Table 5: The average ranks of the mPCVM₂ and the baseline algorithms

Rank	mRVM₁	mRVM₂	SVM	DLSR	MLR	mPCVM₂
ERR	3.5	3.375	3.875	5.375	3.875	1
AUC	3.5	3.25	3.375	4.5	4.5	1.875

The average ranks of our proposed algorithms and baseline algorithms are summarized in Table 4 and Table 5 under the two metrics where the mPCVM₁ and the mPCVM₂ are tested separately.

The statistical tests on the mPCVM₁ show that this newly proposed algorithm could improve the classification accuracy and that there is no significant difference with regard to the AUC. Meanwhile, the statistical tests on the mPCVM₂ show an advantage with regard to the ERR and the AUC.

If the Friedman test is rejected under the metrics of the ERR and the AUC, a post-hoc test is additionally conducted to qualify the difference between our proposed algorithms and baseline algorithms.

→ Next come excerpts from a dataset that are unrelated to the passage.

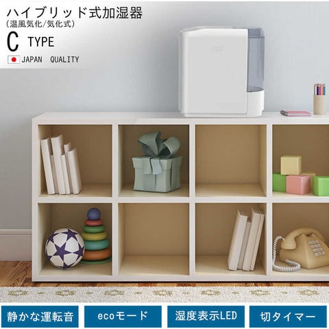 商品説明●目に見えない細かな水粒子で、空間を隅々まで加湿します。●気化式と温風気化式のハイブリッド式なので、乾燥している時は素早く加湿し、湿度が安定すると運転を抑え経済的な運転を行います。●50~70%の10%単位でお好みの湿度を設定できます。●湿度センサーにより、設定した湿度を保つように自動で運転状態をコントロールします。●eco運転で消費電力は11Wです。●電源(V):単相100●加湿能力(L/h):300●消費電力(W)(50/60Hz):161/161●タンク容量(L):2.5●色:ホワイト●幅(mm):322●奥行(mm):160●高さ(mm):325●電源コード長さ(m):1.8●加湿能力(ml/h):300●連続加湿時間(h):8.3●使用範囲目安:木造5畳、プレハブ8畳●標準消費電力料金(50Hz):4.9円/h●標準消費電力料金(60Hz):4.9円/h●加湿方式:気化ハイブリッド式●運転モード:標準/静音/eco●湿度設定:50%/60%/70%●現在湿度表示:LED表示●湿度センサー搭載●切タイマー:2時間/4時間●クリアタンク 質量3.1kg
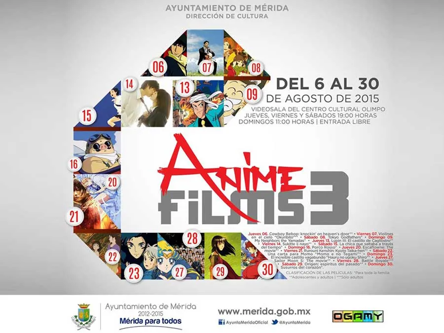 En su tercera versión, Anime Films se presentará los fines de semana del 6 al 30 de agosto en la ciudad de Mérida Yucatán en la video-sala Centro Cultural Olimpo.
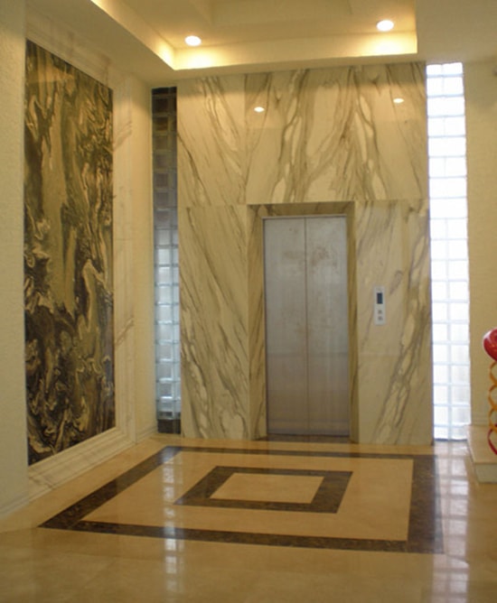 Cửa tầng thang máy sử dụng khung bao bản hẹp NF là loại khung bao có kích thước chỉ dao động từ 5cm đến 7cm. Vì thế nếu tường xây dày 20cm thì sau khi lắp xong phần cơ khí của thang thì chủ nhà sẽ tiến hành ốp đá trang trí phần cửa còn lại.
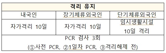 방대본은 현행 조치의 연장 외에도 해외유입의 사전 차단을 강화하기 위해 사전 PCR(유전자증폭) 음성확인서 적용 기준을 기존 음성확인서 발급일에서 검사일로 강화해 시행한다고 덧붙였다. ‘발급일 기준 72시간’에서 ‘검사일 기준 72시간’으로 변경되는 것이다.
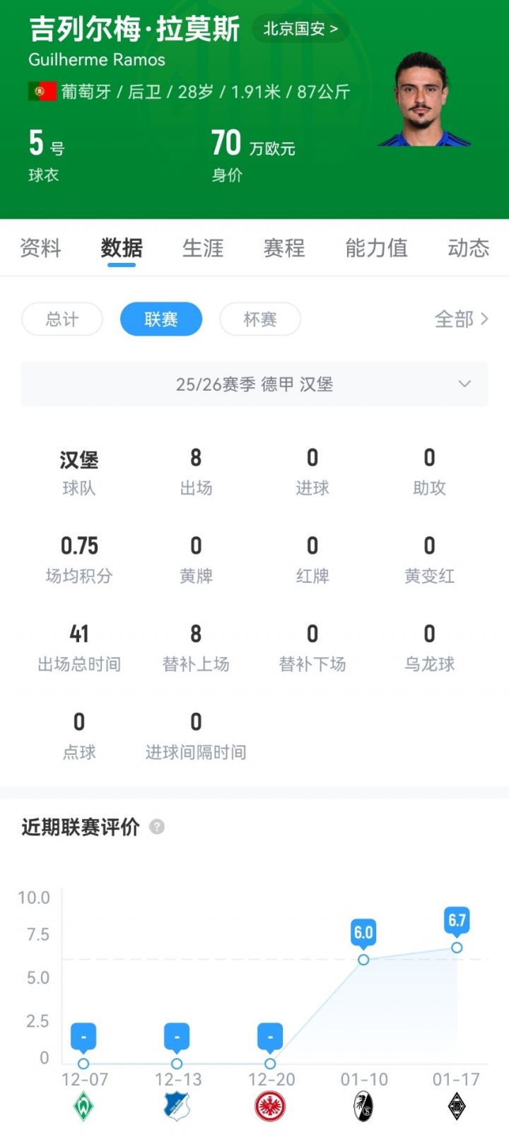 吉列尔梅·拉莫斯曾效用葡萄牙体育、比勒菲尔德等队,2023年加盟汉堡,本赛季代表球队出战8场德甲策画41分钟,他的德回身价为70万欧。 据此前音书,在俱乐部新任体育总司理马永明主导下,国安筹划在本年补充3名附近的新外助。在古加剧返葡超、恩加德乌离队的布景下,国安新赛季证据留用的外助当今有时尚法比奥、中场达万。 至于前塞尔维亚国脚中卫斯帕吉奇,他与俱乐部的条约时将于2027年底到期。不外,球员因伤缺席了2025赛季后半段的通盘比赛,当今斯帕吉奇的躯壳情景总体趋好,有望在新赛季中超开赛前康复。

The Bonferroni-Dunn test[28] is chosen as the post-hoc test to compare all algorithms with a control one (the mPCVM₁ or the mPCVM₂). The difference between two algorithms is significant if the resulting average ranks differ by at least the critical difference, which is written as:

CD=q_{\alpha}\sqrt{\frac{k(k+1)}{6N}},

(41)

where $q_{\alpha}=2.326$ when the significant level $\alpha$ is set as 0.10 for 6 algorithms. The difference between the $i$ -th algorithm and the $j$ -th one is given by

(R_{j}-R_{i})/\sqrt{\frac{k(k+1)}{6N}}.

(42)

Table 6 lists Bonferroni-Dunn test results of the mPCVM₂. From the table, the differences between the mPCVM₂ and all the other algorithms are greater than the critical difference under the ERR metric, indicating that the pairwise difference is significant. Therefore the mPCVM₂ performs significantly better than the mRVM₁, the mRVM₂, the SVM, the MLR and the DLSR. Under the AUC metric, the same argument holds for the mPCVM₂ and the MLR, the DLSR. However, the differences of the mPCVM₂ from the mRVM₁, the mRVM₂ and the SVM are marginally below the critical difference, which fails to support the statistical significance when $\alpha$ = 0.10. Similarly, Table 7 shows that the mPCVM₁ performs significantly better than the mRVM₁, the mRVM₂, the SVM, the MLR and the DLSR under the ERR metric.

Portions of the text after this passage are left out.